When the first record for the table is created the PBS will assign its id the value 0x0000000000000001, however if we look at the RSys_Last_Id table, the Last_Id_Value for the table is not 0x0000000000000001, but instead is 0x0000000000000010.

The reason why this occurs is due to the way the PBS works with these ids. The PBS has a cache of ids per table. When the PBS starts, this cache is empty, but immediately after creating the first record for a table the PBS creates a cache of 16 ids for such table. For the case of a new table, when the first record is created the PBS requests 16 Ids from the RSys_Last_Id table, and thus the Last_Id_Value is set to 0x0000000000000010 (these values are hex numbers: 10 hex = 16 decimal). The PBS assigns ids from the cache until the cache is empty again and no more ids are available for the table. When the 16th record is created the PBS will use the last id from the cache and the cache will be empty. When the 17th record is created the PBS realizes the cache is empty, so it requests another 16 ids from the RSys_Last_Id table, so the value of the Last_Id_Value for such table is set to 0x0000000000000020 (20 hex = 32 decimal).
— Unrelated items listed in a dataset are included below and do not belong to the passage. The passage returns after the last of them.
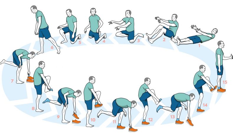 1. Túmbate en el suelo y levántate sin tocarlo con las manos en ningún momento. Si no lo consigues, inténtalo solo con un apoyo. Cada apoyo extra que tengas que hacer juega en tu contra.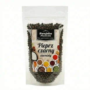 Pieprz czarny ziarno - Przyprawa powszechnie stosowana do zup, mięs, wędlin, nadaje się do przyprawiania surówek warzywnych, dodatkowo wykazuje działanie pobudzające do pracy układ trawienny. MASA NETTO: Masa Netto: 500g SKŁADNIKI: ziarno pieprzu czarnego KRAJ POCHODZENIA: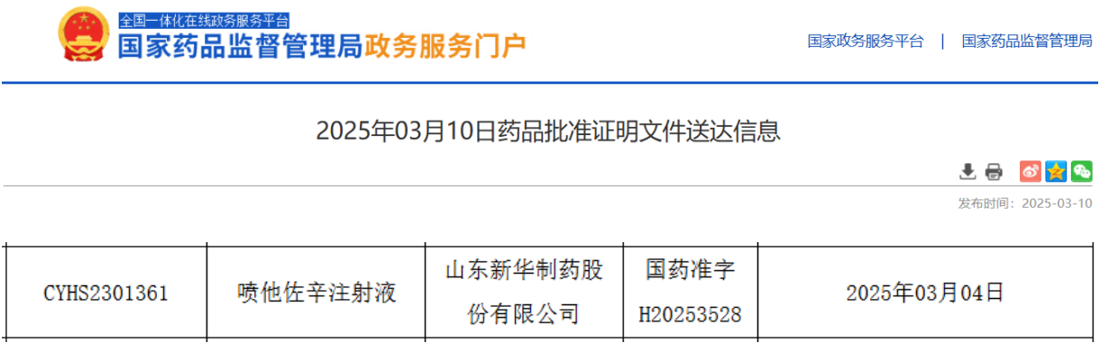 3月10日,据NMPA官网最新显示,山东新华制药提交的3类仿制药喷他佐辛注射液申请获批上市并视同通过一致性评价,为第4家获批并过评该品种的药企。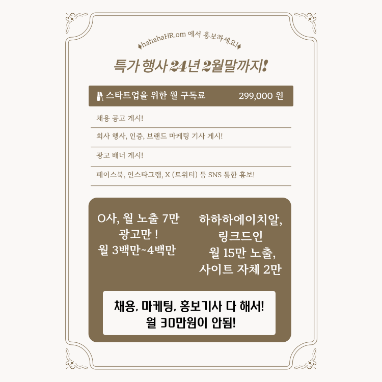 한 달 평균 18만 노출되는 hahahaHR.com에 회사구독 월 299,000원! (VAT 제외)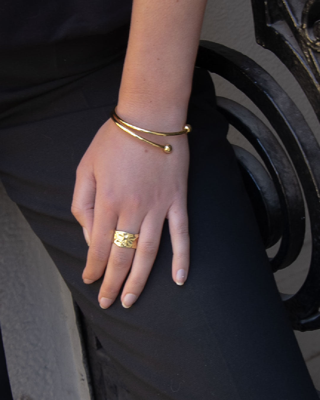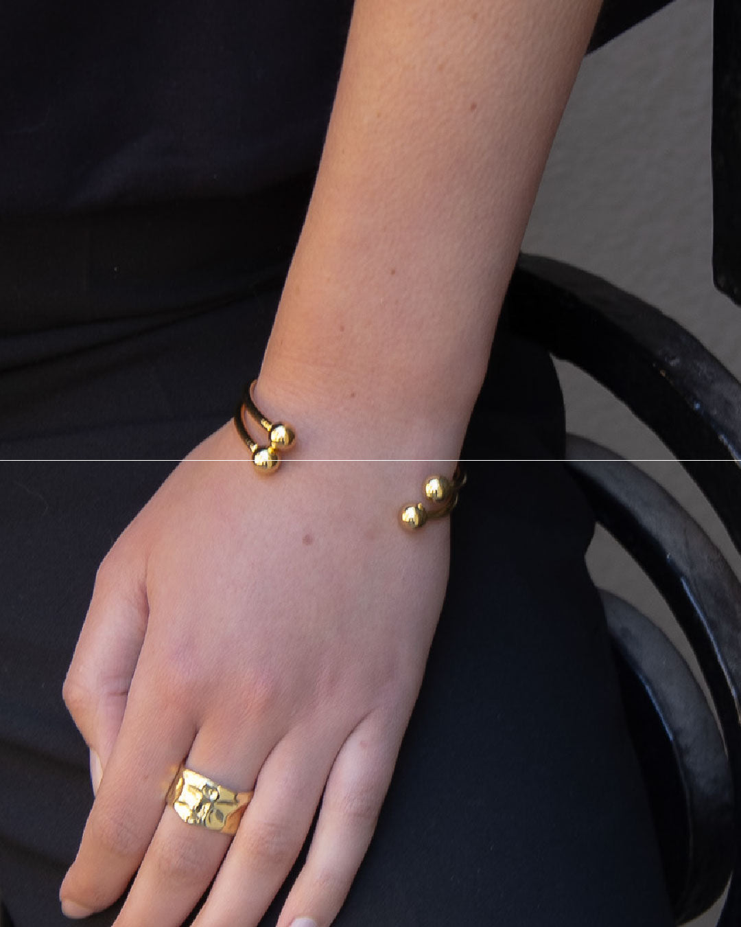 Una pieza clásica y atemporal. Esta esclava chapada en oro 18k de 11 micras de ancho destaca por su silueta limpia y su brillo intenso. Sus extremos terminan en delicadas esferas pulidas que aportan equilibrio y un toque de elegancia discreta. Ideal para usar sola o acompañada de otras pulseras doradas, es un básico refinado que eleva cualquier look.
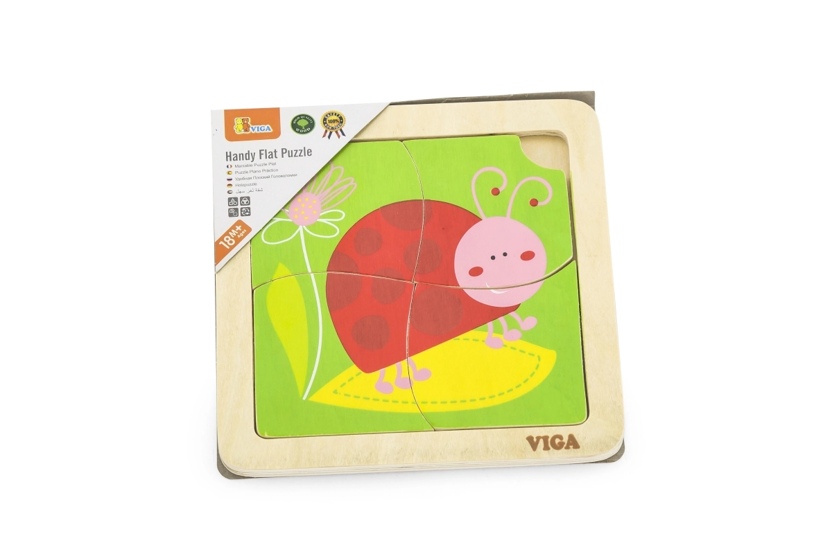 Четирите големи части се държат удобно и лесно пасват в рамката. Идеален избор за деца от 18 месеца, които се учат да подреждат първия си пъзел.

Notice that if the PBS is shutdown the ids that are still in cache are lost. This explains why the record ids for a given table might have missing ids. As an example: suppose that 5 records have been created for a table, the PBS has used 5 ids out of the cache. At this point the PBS is shutdown, and the ids in the cache (16 – 5 = 11 ids) will be lost. When the PBS is restarted (it starts with an empty cache) and a new record for the table is requested (the 6th record, for this example) the PBS will ask again the RSys_Last_Id table for another 16 ids, but the RSys_Last_Id table had the Last_Id_Value set to 0x0000000000000010 (before the PBS was restarted), so this time it will provide 16 ids, ranging from 0x0000000000000010 to 0x0000000000000020. The 6th record will be created with the id 0x0000000000000010. At this point the table will have 6 records, with ids: 0x0000000000000001, 0x0000000000000002, 0x0000000000000003, 0x0000000000000004, 0x0000000000000005, 0x0000000000000010. Ids from 0x0000000000000006 to 0x000000000000000A were lost.